Между борьбой против институционального навязывания жестких гендерных ролей и защитой права личности на выбор комфортной и безопасной жизни нет никакого противоречия. Как нет его и в том, чтобы помогать друг другу поддерживать здоровую самооценку, одобряя при этом личные решения относительно тех или иных телесных модификаций. Каждая из нас в состоянии бросить вызов необоснованным допущениям общества о поле и гендере, не впадая при этом в догматизм. Не стоит ожидать, что мы отбросим все факторы своего угнетения сразу и одновременно; от такого можно выгореть и повредиться рассудком. Комбинированная сумма наших маленьких восстаний дестабилизирует ту нормативную гендерную систему, которую мы знаем. Разнообразные формы феминизма, квир-активизма, трансфеминизма и других прогрессивных движений атакуют различные части общей мишени, которую представляет собой гетеросексистский патриархат.


НАСИЛИЕ ПРОТИВ ЖЕНЩИН


С конца 1970-х феминистки понимают насилие против женщин не просто как ряд случаев, но в качестве систематической функции патриархата, держащей всех женщин в подчинении. Трансфеминизм обращает внимание на то, что транс женщины, как и другие группы женщин, живущие на пересечении притеснений, особенно уязвимы для насилия по сравнению с не транс женщинами.

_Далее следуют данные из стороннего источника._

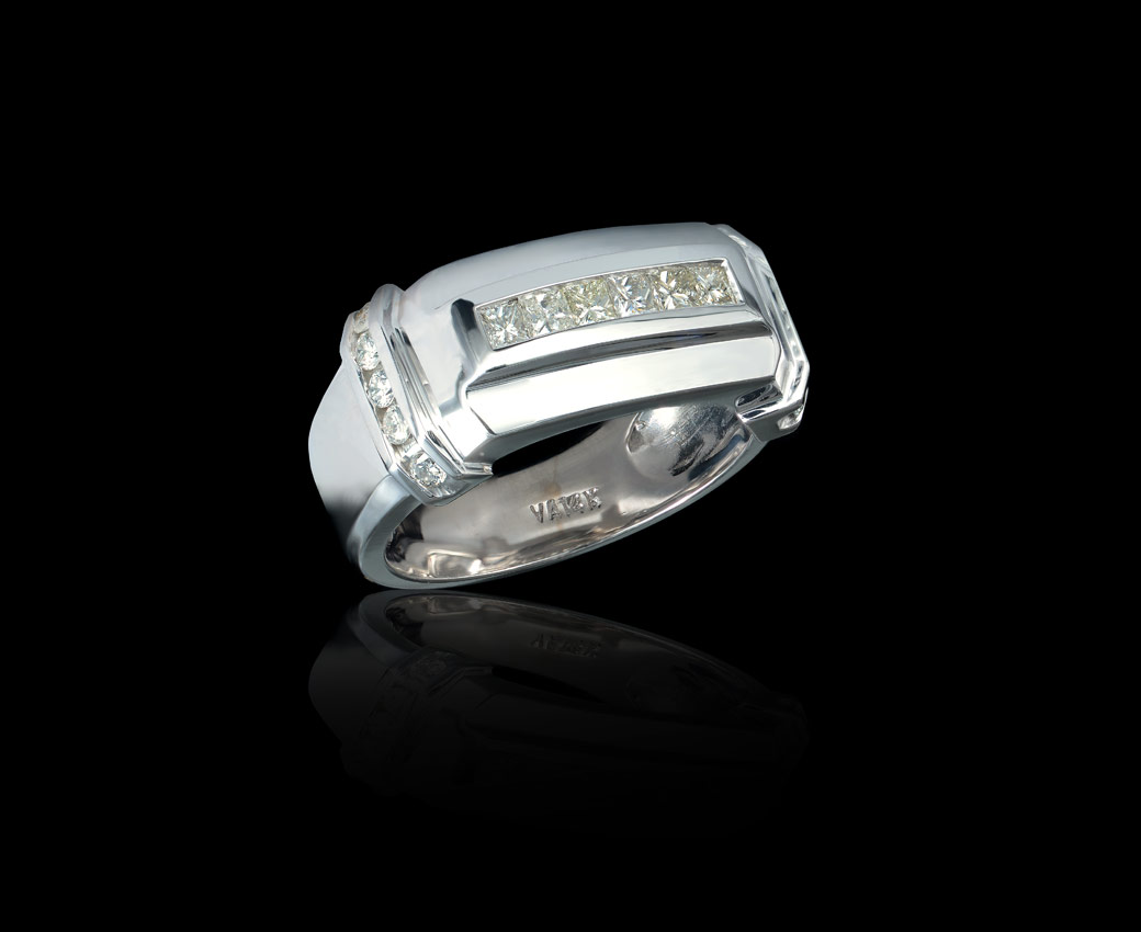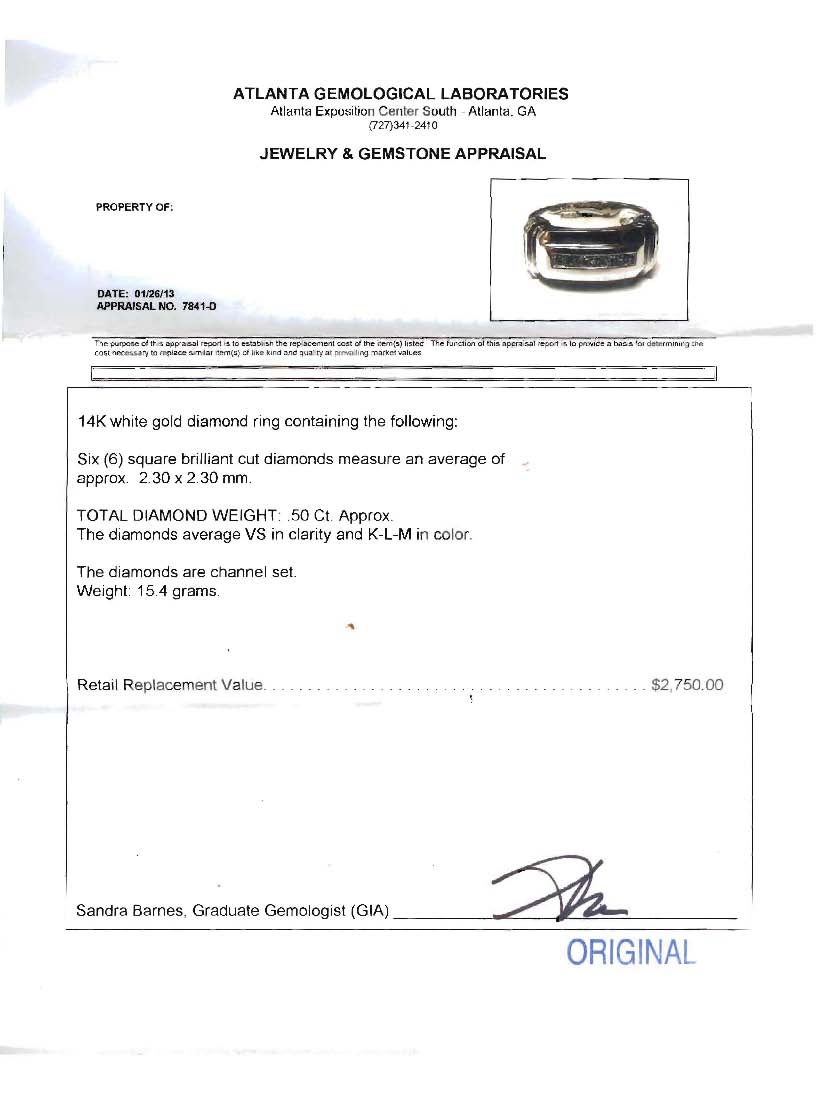 MEN'S DIAMOND RING: 14k white gold ring with 6 square brilliant diamonds totaling approx. .50 Ct., averaging VS clarity and K-L-M color. Channel set. Size 10. Weight 15.4 grams. Sold with current Atlanta Gemological GIA graduates appraisal for $2750.
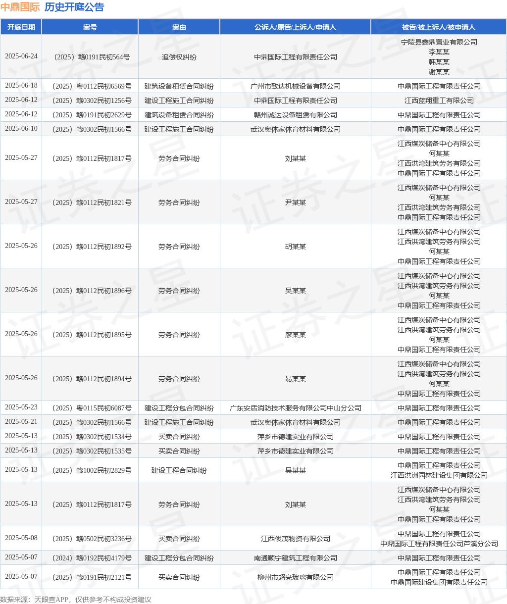 案号:(2025)赣1002民初2829号审理法院:抚州市临川区人民法院案由:建设工程合同纠纷当事人信息: 原告/上诉人:吴某某 被告/被上诉人:中鼎国际工程有限责任公司、江西洪洲园林建设集团有限公司开庭日期:2025年5月13日根据统计,近一年内以中鼎国际工程有限责任公司为当事人的历史开庭公告有103则,其中案由为“劳务合同纠纷”的公告以23则居首,其次为“买卖合同纠纷”有21则,“建设工程施工合同纠纷”有17则。历史开庭公告(前20条)如下:

Во-первых, транс женщины оказываются под ударом, поскольку живут как женщины. Быть женщиной в этом мизогиничном обществе опасно, но есть некоторые факторы, которые делают нас гораздо более уязвимыми для сексуального и домашнего насилия. Например, когда мужчина нападает на транс женщину, особенно, если он собирается ее изнасиловать, он может обнаружить, что жертва имеет или раньше имела «мужскую» анатомию. Такое открытие часто приводит к еще большему насилию, подпитанному гомофобией и трансфобией. Транс женщин часто насилуют мужчины, когда их транс статус раскрывается. Убийства транс женщин, как и проституированных женщин, редко вызывают серьезное сочувствие в средствах массовой информации и во властных структурах, и особенно это проявляется в случаях, когда жертвой оказывается транс женщина, вовлеченная в проституцию.

Транс женщины также более уязвимы для эмоционального и вербального насилия, абьюза со стороны своих партнеров, потому что у них часто бывает низкая самооценка и негативное отношение к собственной телесности. Обидчику несложно заставить транс женщину чувствовать себя уродливой, пристыженной, ничего не стоящей или безумной, так как тот же самый посыл транслировался ей всем обществом в течение многих лет. Абьюзеры, как правило, уходят от наказания за домашнее насилие, отказывая женщине в способности к определению собственной субъектности и опыта — а это как раз та сфера, где транс женщины изначально более уязвимы.

Существуют дополнительные препятствия, не позволяющие транс женщине выйти из абьюзерских отношений, поскольку им трудно найти работу, а в случае, если есть дети, транс женщины практически всегда теряют родительские или попечительские права при разводе.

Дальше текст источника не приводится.